#### WHAT YOU ARE ASKED TO DO:
Begin at the line below that has "9/20/22 – This" and stop after the line that has "이에 장마기간을 겨냥한". Please restate only those lines, word for word.

#### DATA FOR THIS TASK:
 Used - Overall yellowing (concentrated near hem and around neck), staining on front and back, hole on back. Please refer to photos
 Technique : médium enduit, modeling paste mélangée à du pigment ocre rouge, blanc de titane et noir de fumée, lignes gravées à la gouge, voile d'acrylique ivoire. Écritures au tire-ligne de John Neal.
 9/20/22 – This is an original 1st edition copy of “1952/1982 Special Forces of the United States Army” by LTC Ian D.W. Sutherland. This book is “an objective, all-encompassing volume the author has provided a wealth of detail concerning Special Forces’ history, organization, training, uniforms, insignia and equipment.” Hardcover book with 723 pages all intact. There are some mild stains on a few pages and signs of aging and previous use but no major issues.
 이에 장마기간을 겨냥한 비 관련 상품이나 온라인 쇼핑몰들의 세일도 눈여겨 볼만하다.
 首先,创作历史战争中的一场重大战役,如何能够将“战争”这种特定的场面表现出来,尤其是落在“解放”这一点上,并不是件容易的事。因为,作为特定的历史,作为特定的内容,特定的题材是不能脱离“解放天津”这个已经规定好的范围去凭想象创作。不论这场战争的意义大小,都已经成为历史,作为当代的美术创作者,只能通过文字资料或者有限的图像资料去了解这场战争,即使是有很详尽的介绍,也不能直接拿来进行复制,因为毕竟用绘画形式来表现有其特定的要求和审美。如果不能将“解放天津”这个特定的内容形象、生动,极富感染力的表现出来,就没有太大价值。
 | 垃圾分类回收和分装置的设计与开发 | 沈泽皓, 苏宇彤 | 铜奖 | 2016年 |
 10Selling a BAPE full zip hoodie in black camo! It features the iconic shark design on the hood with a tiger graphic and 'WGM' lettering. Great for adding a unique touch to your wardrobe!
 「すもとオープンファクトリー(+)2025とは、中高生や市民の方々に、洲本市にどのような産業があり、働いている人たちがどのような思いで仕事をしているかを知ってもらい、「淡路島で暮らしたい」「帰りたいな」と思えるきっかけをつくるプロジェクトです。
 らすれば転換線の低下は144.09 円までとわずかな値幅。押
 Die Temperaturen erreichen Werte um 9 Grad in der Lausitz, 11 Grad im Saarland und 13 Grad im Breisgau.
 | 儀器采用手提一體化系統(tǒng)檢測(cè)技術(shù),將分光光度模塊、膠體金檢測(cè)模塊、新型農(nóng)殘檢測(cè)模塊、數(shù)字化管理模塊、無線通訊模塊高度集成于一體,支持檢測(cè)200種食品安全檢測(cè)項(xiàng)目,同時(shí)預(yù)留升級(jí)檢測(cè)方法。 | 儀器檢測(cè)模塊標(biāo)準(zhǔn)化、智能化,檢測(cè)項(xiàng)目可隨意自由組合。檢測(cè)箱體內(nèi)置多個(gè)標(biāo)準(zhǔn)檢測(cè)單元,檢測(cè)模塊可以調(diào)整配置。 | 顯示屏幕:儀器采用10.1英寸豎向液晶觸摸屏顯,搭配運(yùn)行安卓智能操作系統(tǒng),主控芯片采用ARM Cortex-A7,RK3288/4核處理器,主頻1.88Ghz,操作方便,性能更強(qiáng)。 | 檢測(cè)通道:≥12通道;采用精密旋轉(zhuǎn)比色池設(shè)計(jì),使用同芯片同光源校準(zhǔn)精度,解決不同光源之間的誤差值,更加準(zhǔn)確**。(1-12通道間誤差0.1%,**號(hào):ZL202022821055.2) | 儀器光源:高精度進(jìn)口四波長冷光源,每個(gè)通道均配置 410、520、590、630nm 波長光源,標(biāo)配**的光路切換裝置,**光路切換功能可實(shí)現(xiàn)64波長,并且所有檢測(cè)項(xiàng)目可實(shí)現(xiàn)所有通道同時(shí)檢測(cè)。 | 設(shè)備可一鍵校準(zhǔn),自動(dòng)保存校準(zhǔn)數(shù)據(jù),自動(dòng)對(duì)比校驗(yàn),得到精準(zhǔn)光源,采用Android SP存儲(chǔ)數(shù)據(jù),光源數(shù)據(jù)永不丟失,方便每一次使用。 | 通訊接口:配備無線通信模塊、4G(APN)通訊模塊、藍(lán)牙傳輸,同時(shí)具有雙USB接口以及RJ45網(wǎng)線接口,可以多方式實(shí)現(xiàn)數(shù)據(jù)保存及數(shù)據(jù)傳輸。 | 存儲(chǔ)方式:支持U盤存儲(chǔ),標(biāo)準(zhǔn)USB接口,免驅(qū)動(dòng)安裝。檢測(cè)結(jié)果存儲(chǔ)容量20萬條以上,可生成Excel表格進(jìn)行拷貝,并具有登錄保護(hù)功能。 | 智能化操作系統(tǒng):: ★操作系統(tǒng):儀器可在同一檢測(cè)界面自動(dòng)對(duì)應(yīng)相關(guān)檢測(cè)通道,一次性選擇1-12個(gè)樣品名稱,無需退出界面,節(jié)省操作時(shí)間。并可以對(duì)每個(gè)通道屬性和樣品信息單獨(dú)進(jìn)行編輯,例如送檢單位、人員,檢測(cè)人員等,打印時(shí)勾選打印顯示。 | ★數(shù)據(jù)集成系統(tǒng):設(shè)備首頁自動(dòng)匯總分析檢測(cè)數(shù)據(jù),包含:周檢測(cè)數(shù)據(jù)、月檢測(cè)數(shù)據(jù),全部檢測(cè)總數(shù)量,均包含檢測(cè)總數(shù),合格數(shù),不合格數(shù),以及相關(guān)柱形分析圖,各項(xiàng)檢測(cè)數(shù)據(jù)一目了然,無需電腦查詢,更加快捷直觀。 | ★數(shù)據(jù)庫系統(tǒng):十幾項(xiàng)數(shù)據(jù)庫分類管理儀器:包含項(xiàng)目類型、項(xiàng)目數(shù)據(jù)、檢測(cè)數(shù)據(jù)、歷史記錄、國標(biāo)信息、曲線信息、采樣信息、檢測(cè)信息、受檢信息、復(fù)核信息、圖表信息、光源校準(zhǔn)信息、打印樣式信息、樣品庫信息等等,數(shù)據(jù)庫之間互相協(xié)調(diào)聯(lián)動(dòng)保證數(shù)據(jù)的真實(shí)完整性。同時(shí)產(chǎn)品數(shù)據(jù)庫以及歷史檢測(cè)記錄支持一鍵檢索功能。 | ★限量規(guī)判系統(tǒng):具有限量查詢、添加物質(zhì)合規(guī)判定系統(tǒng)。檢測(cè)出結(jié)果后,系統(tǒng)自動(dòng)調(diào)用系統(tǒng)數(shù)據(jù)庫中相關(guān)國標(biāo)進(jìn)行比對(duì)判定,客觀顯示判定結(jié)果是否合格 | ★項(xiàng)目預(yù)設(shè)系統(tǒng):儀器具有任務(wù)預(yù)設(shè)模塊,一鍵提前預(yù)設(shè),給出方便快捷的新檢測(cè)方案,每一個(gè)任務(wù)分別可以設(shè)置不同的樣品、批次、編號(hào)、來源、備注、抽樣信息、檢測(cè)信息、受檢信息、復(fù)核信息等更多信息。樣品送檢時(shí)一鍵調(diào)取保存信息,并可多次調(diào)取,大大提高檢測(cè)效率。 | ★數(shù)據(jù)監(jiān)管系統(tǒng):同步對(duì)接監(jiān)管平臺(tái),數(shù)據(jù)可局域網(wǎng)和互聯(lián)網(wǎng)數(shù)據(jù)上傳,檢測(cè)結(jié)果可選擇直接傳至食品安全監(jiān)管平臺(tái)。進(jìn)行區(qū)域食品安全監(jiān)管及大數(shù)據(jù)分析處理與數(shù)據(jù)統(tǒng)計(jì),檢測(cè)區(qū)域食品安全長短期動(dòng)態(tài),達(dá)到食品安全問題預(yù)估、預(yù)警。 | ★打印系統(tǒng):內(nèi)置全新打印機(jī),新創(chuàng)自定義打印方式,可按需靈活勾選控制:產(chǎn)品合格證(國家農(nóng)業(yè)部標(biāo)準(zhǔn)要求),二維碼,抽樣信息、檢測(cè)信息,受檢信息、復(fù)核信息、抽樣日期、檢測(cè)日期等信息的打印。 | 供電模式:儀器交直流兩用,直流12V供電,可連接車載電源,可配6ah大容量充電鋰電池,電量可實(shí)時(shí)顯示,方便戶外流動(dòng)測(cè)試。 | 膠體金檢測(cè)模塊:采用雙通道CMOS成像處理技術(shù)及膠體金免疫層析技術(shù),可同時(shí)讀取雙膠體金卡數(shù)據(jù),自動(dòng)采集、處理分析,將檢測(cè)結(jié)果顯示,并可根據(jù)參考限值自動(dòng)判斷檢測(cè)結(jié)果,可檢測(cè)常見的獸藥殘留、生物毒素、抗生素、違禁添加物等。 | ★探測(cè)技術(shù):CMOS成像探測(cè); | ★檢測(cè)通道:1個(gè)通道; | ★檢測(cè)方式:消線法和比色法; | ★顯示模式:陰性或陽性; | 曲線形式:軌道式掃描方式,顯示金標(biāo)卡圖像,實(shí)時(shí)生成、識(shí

#### FINAL ANSWER:
 9/20/22 – This is an original 1st edition copy of “1952/1982 Special Forces of the United States Army” by LTC Ian D.W. Sutherland. This book is “an objective, all-encompassing volume the author has provided a wealth of detail concerning Special Forces’ history, organization, training, uniforms, insignia and equipment.” Hardcover book with 723 pages all intact. There are some mild stains on a few pages and signs of aging and previous use but no major issues.
 이에 장마기간을 겨냥한 비 관련 상품이나 온라인 쇼핑몰들의 세일도 눈여겨 볼만하다.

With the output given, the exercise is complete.